→ **DATA SUPPLIED**:
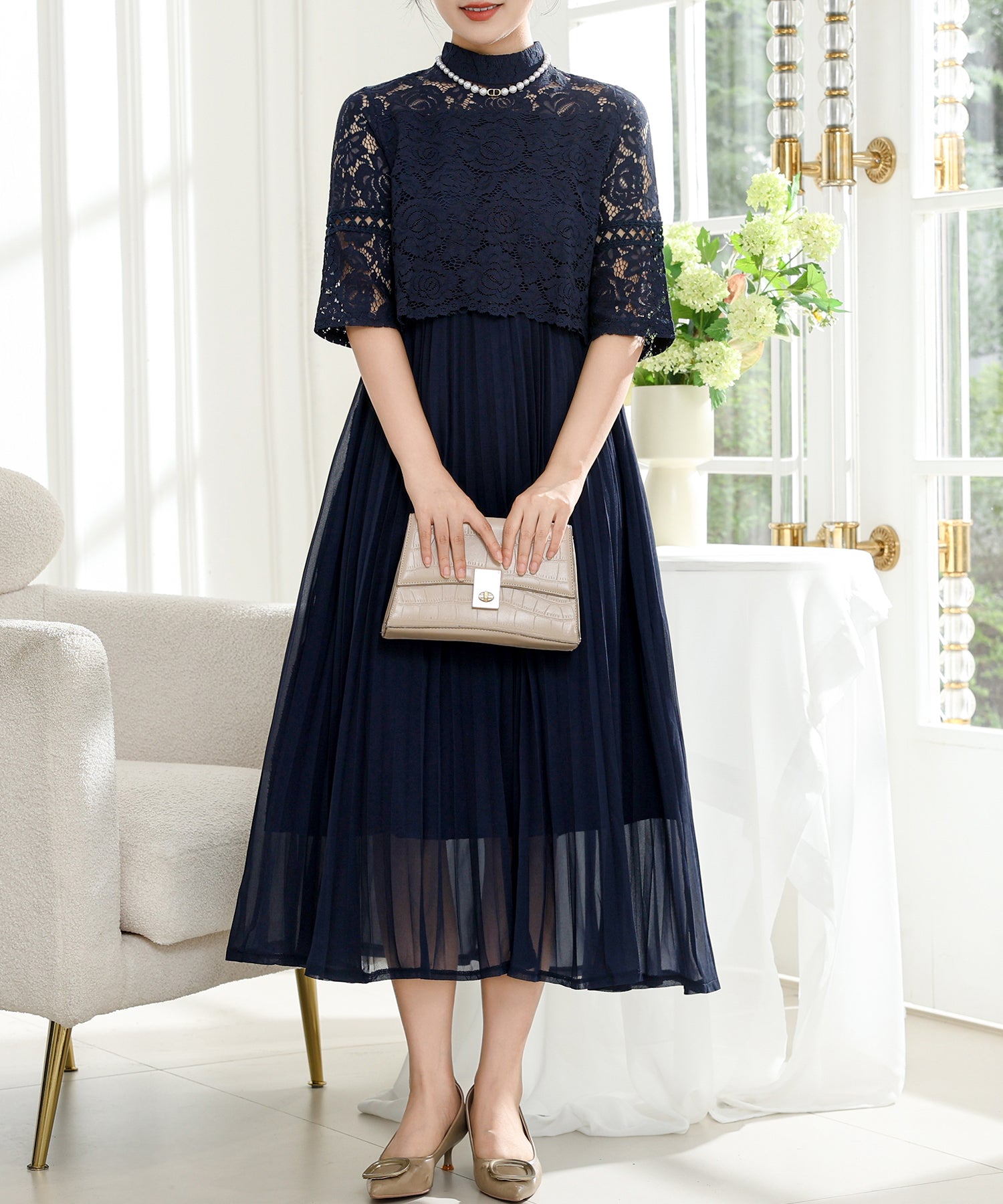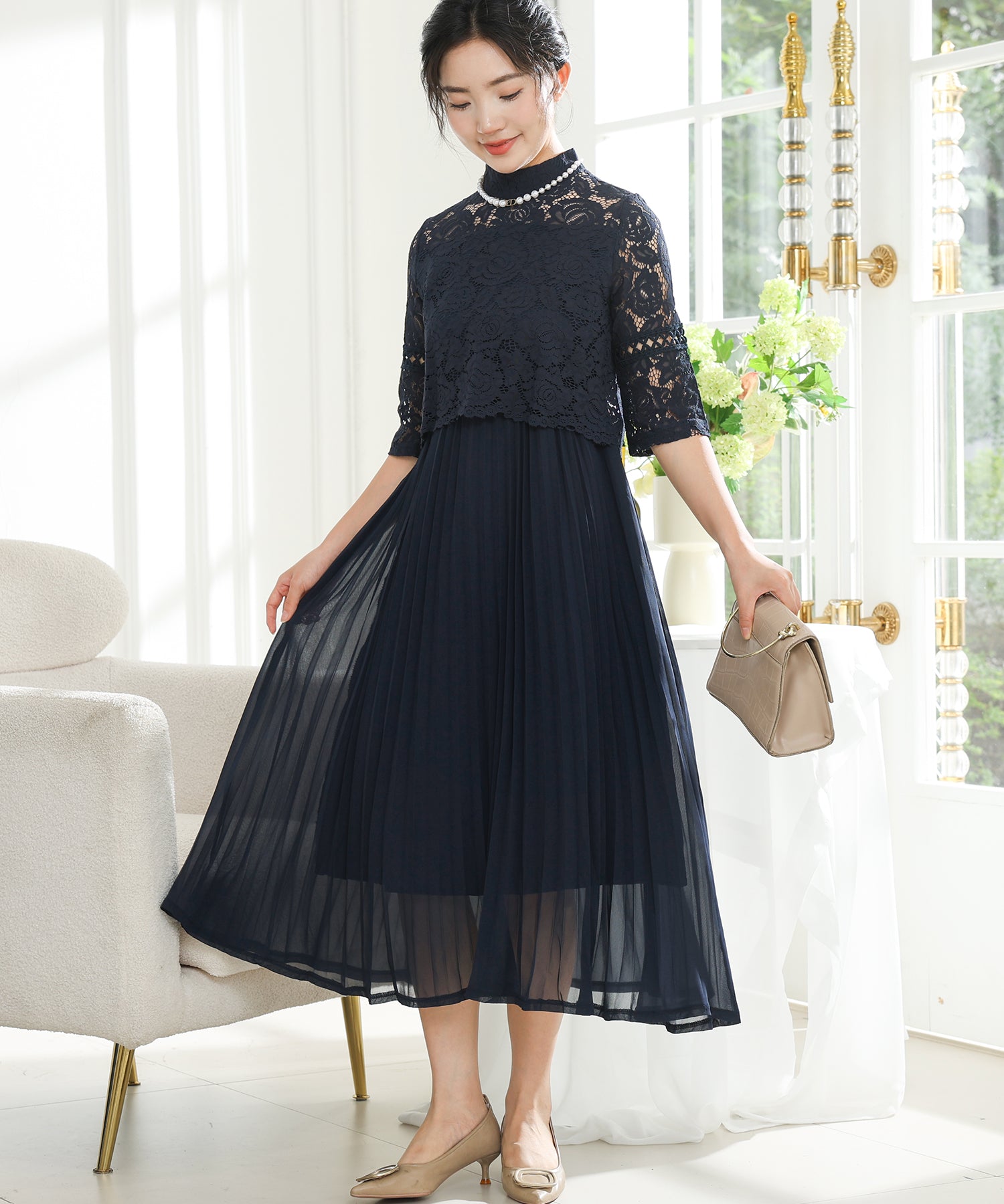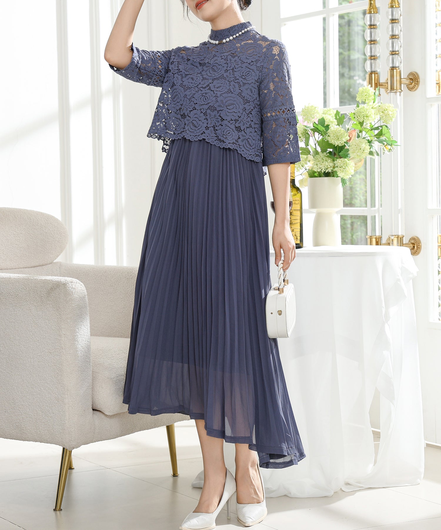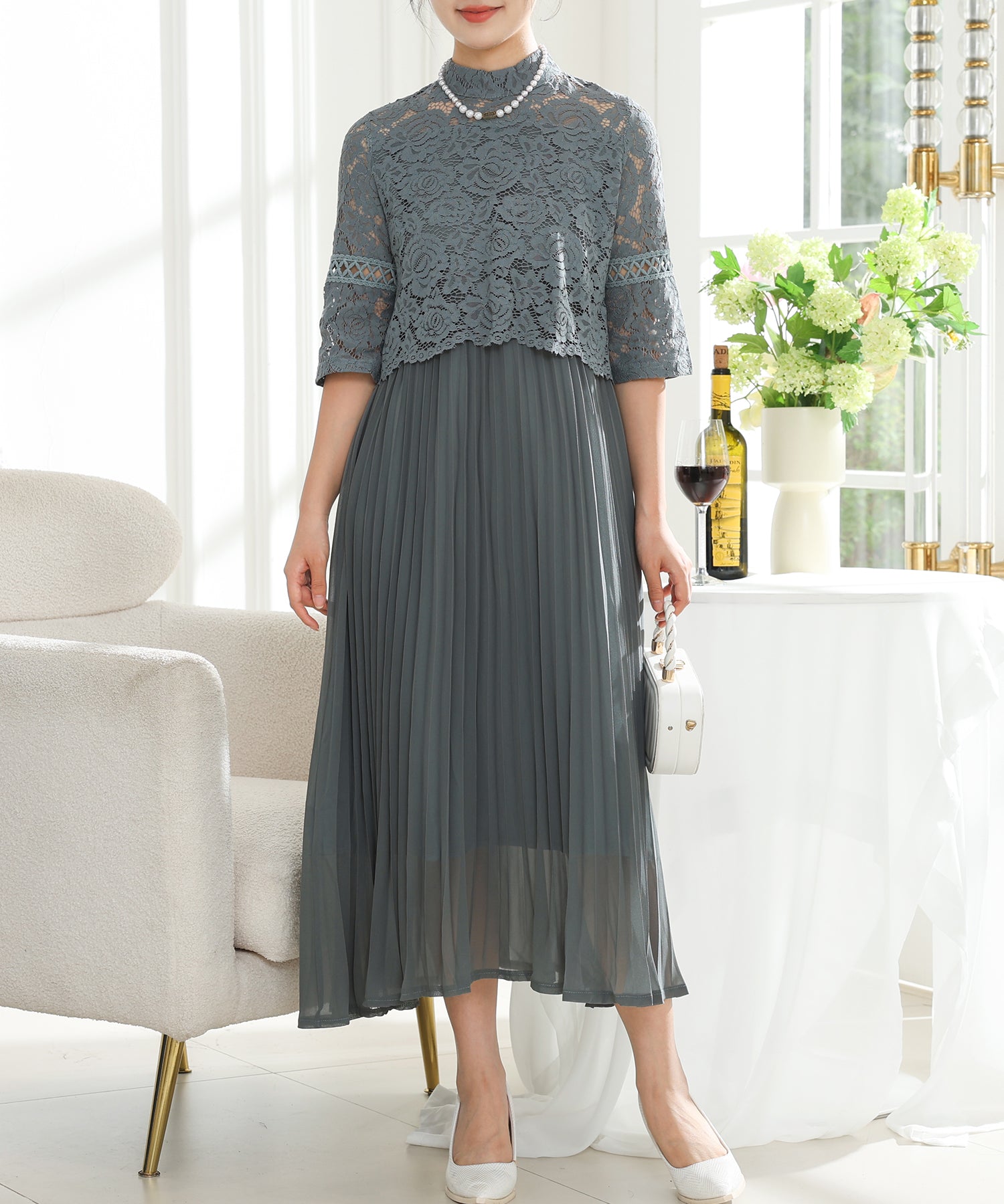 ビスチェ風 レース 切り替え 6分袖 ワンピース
==
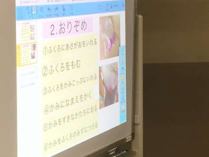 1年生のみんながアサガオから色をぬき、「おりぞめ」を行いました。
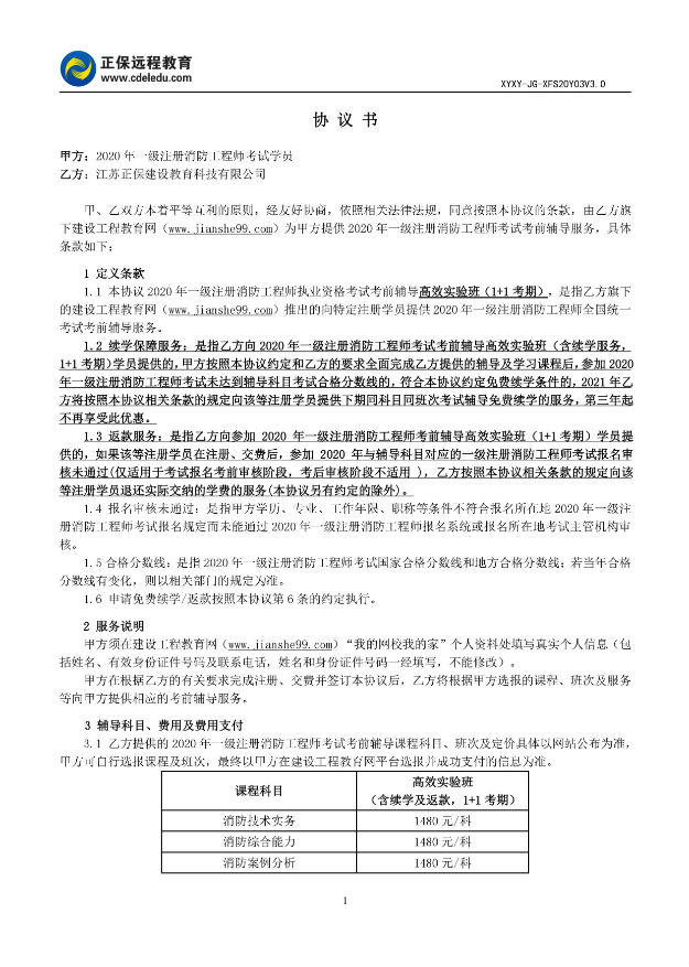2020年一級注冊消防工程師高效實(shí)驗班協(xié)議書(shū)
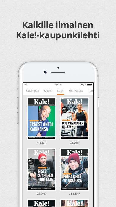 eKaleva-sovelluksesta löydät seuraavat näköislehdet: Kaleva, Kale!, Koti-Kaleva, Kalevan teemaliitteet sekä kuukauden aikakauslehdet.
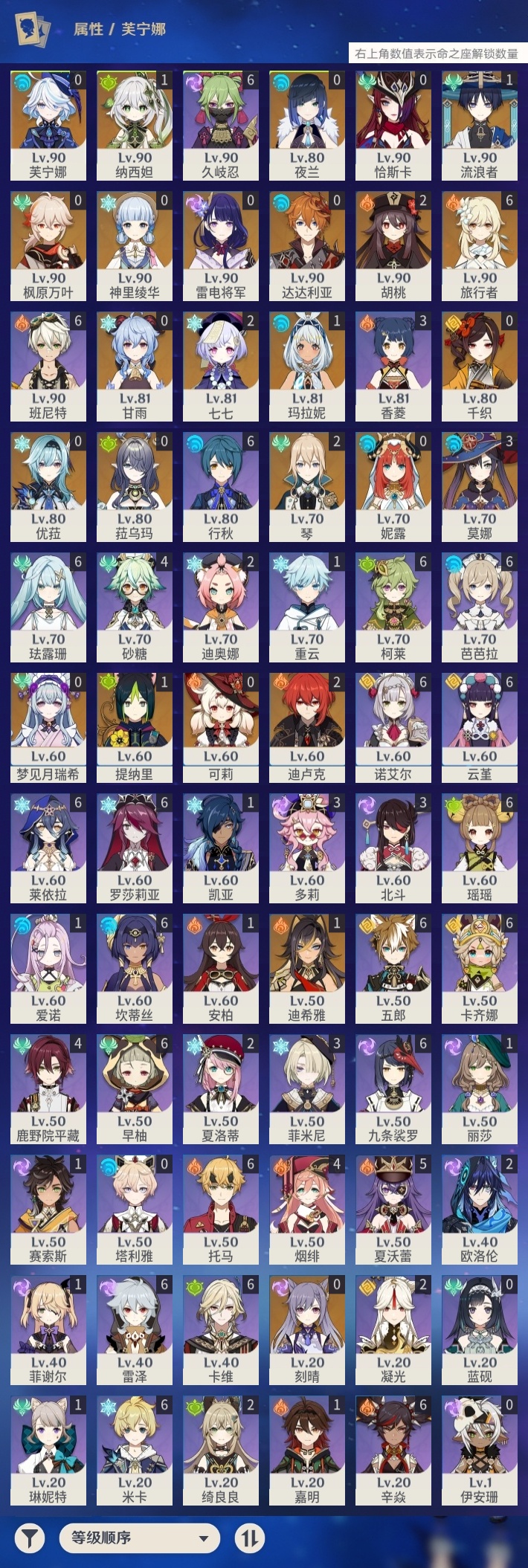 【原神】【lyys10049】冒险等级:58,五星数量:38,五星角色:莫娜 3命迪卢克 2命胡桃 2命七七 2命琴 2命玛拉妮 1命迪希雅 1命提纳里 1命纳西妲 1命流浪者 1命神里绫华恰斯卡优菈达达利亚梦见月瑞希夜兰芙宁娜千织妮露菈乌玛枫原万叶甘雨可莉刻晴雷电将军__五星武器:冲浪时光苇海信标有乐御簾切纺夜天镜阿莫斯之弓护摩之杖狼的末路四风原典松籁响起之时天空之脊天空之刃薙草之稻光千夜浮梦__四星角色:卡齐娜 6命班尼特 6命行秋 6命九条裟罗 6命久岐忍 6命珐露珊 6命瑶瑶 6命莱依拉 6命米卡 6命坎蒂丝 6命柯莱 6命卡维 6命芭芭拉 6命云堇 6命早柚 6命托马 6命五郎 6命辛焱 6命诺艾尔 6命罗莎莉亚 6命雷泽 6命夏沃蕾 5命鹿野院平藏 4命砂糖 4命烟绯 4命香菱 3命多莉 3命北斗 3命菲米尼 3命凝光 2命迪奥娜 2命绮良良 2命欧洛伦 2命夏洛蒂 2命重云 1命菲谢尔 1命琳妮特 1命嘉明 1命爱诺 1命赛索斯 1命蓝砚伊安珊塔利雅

→ **TASK DIRECTIONS**:
In the listing above, find the line containing "2020年一級注冊消防工程師高效實(shí)驗班協(xié)議書(shū)" and the line containing "1命爱诺 1命赛索斯 1命蓝砚伊安珊塔利雅". Reproduce those lines and all between them exactly, with no pictures and nothing more.

→ **TASK OUTPUT**:
2020年一級注冊消防工程師高效實(shí)驗班協(xié)議書(shū)
 eKaleva-sovelluksesta löydät seuraavat näköislehdet: Kaleva, Kale!, Koti-Kaleva, Kalevan teemaliitteet sekä kuukauden aikakauslehdet.
 【原神】【lyys10049】冒险等级:58,五星数量:38,五星角色:莫娜 3命迪卢克 2命胡桃 2命七七 2命琴 2命玛拉妮 1命迪希雅 1命提纳里 1命纳西妲 1命流浪者 1命神里绫华恰斯卡优菈达达利亚梦见月瑞希夜兰芙宁娜千织妮露菈乌玛枫原万叶甘雨可莉刻晴雷电将军__五星武器:冲浪时光苇海信标有乐御簾切纺夜天镜阿莫斯之弓护摩之杖狼的末路四风原典松籁响起之时天空之脊天空之刃薙草之稻光千夜浮梦__四星角色:卡齐娜 6命班尼特 6命行秋 6命九条裟罗 6命久岐忍 6命珐露珊 6命瑶瑶 6命莱依拉 6命米卡 6命坎蒂丝 6命柯莱 6命卡维 6命芭芭拉 6命云堇 6命早柚 6命托马 6命五郎 6命辛焱 6命诺艾尔 6命罗莎莉亚 6命雷泽 6命夏沃蕾 5命鹿野院平藏 4命砂糖 4命烟绯 4命香菱 3命多莉 3命北斗 3命菲米尼 3命凝光 2命迪奥娜 2命绮良良 2命欧洛伦 2命夏洛蒂 2命重云 1命菲谢尔 1命琳妮特 1命嘉明 1命爱诺 1命赛索斯 1命蓝砚伊安珊塔利雅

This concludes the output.